2. Perform basic calculations (survival rate, average fares by passenger class).
3. Store the results in a local PostgreSQL database.
4. Retrieve and verify the inserted data.


In [None]:
import boto3
import botocore
import csv
from io import StringIO
import psycopg2
import pandas as pd
from dotenv import load_dotenv
import os

load_dotenv()

# Use boto3 library to extract CSV data from AWS S3 bucket and convert it to Python dictionaries

def download_csv_from_s3(bucket_name, object_key):
    s3 = boto3.client('s3', config=botocore.config.Config(signature_version=botocore.UNSIGNED))
    response = s3.get_object(Bucket=bucket_name, Key=object_key)
    content = response['Body'].read().decode('utf-8')
    header, rows = content.split("\n", 1)
    cleaned_header = ",".join(column.strip() for column in header.split(","))
    return csv.DictReader(StringIO(cleaned_header + "\n" + rows))

titanic_csv_content = download_csv_from_s3('data-eng-makers-public-datasets-404544469985', 'etl_bites_04_titanic_dataset.csv')

# Create a Pandas dataframe to display extracted data

df = pd.DataFrame(titanic_csv_content)

# Transform data: calculate survival rate for people in each passenger class

def calculate_survival_rate(pclass):
    passengers_per_class = df[df['Pclass'] == pclass]
    surviving_passengers_per_class = passengers_per_class[passengers_per_class['Survived'] == "1"]
    survival_rate = (len(surviving_passengers_per_class) * 100) / len(passengers_per_class) 
    return survival_rate

first_class_survival_rate = calculate_survival_rate("1")
second_class_survival_rate = calculate_survival_rate("2")
third_class_survival_rate = calculate_survival_rate("3")
                        
#  Transform data: calculate average fare for travellers in each passenger class

def calculate_average_fare(pclass_filter):
        titanic_data = download_csv_from_s3('data-eng-makers-public-datasets-404544469985', 'etl_bites_04_titanic_dataset.csv')
        total_fare = 0
        passengers_count = 0
        for row in titanic_data:
            if row['Pclass'] == str(pclass_filter):
                total_fare += float(row['Fare'])
                passengers_count += 1
        return total_fare / passengers_count if passengers_count > 0 else 0


average_fare_class_1 = calculate_average_fare(1)
average_fare_class_2 = calculate_average_fare(2)
average_fare_class_3 = calculate_average_fare(3)
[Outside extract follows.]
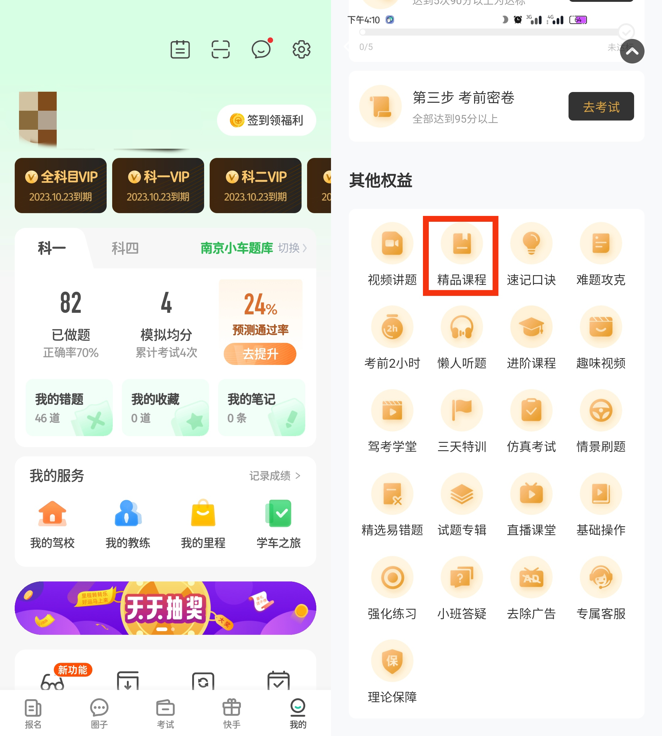 温馨提示:精品课程只适用于“科一科四速成vip”与“全科目通关vip”,暂未在“基础版vip”中上架。此外,“科一科四速成vip”可观看理论考试内容视频,而“全科目通关vip”可观看全科目精品教学视频!

# Create new table in local Postgres database to store transformed data

conn_string = f"dbname={os.getenv('ANALYTICAL_DB_NAME')} user={os.getenv('ANALYTICAL_DB_USERNAME')} password={os.getenv('ANALYTICAL_DB_PASSWORD')} host={os.getenv('ANALYTICAL_DB_HOST')} port={os.getenv('ANALYTICAL_DB_PORT')}"

drop_table_query = 'DROP TABLE IF EXISTS class_average_fares;'

create_table_query = '''
CREATE TABLE IF NOT EXISTS class_average_fares (
    id SERIAL PRIMARY KEY,
    pclass INTEGER NOT NULL,
    average_fare NUMERIC(10, 2) NOT NULL,
    survival_rate NUMERIC(10, 2) NOT NULL
);
'''

# Load data into Postgres database

def execute_query_postgresql(conn_string, query):
    try:
        with psycopg2.connect(conn_string) as conn:
            with conn.cursor() as cur:
                cur.execute(query)
                conn.commit()
    except psycopg2.Error as e:
        print("Error executing Postgres query:", e)
    
execute_query_postgresql(conn_string, drop_table_query)
execute_query_postgresql(conn_string, create_table_query)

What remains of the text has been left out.